Scan the records below for the line with "Domek oferuje trzy" and the line with "Official Notice |". Repeat those two lines and every line between them exactly, and nothing else.

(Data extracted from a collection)
•••••
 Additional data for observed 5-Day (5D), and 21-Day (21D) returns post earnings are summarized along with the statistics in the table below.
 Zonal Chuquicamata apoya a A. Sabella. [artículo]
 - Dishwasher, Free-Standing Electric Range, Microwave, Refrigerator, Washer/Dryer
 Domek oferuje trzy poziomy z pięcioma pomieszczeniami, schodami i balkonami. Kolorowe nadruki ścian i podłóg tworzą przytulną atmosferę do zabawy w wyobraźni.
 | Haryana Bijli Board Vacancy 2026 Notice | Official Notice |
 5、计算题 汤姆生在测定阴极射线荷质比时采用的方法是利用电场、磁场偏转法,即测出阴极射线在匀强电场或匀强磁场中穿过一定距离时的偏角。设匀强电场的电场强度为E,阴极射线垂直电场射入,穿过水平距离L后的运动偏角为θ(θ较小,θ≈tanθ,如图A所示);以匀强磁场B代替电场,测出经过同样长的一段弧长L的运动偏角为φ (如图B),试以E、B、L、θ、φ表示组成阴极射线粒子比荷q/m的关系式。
•••••
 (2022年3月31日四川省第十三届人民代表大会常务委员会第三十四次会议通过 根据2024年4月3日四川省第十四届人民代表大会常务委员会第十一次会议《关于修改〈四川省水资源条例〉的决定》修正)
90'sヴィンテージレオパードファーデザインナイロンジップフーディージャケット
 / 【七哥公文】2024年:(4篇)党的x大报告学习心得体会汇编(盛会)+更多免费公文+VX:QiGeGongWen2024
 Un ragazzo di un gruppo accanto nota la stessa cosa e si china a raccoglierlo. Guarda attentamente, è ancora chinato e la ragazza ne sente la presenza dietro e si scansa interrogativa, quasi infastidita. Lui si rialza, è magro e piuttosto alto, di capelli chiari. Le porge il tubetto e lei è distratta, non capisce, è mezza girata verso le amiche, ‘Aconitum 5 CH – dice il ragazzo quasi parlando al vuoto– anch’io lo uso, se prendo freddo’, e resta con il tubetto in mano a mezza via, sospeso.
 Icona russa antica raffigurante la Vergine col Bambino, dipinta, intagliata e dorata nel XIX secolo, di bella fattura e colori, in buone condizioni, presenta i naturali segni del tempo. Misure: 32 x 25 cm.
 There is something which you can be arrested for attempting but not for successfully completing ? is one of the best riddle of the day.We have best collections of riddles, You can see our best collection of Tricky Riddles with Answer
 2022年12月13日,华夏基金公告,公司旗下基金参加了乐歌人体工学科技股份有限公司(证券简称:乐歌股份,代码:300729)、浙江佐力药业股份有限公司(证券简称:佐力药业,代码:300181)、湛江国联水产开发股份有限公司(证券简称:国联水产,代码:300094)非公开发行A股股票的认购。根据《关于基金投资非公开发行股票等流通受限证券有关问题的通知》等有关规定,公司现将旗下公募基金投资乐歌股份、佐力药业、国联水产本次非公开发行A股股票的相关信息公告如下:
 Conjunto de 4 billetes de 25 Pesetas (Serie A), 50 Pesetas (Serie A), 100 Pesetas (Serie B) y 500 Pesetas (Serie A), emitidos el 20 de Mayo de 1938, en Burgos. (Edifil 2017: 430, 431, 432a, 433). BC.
•••••
* EXERCISE SOLUTION *
 Domek oferuje trzy poziomy z pięcioma pomieszczeniami, schodami i balkonami. Kolorowe nadruki ścian i podłóg tworzą przytulną atmosferę do zabawy w wyobraźni.
 | Haryana Bijli Board Vacancy 2026 Notice | Official Notice |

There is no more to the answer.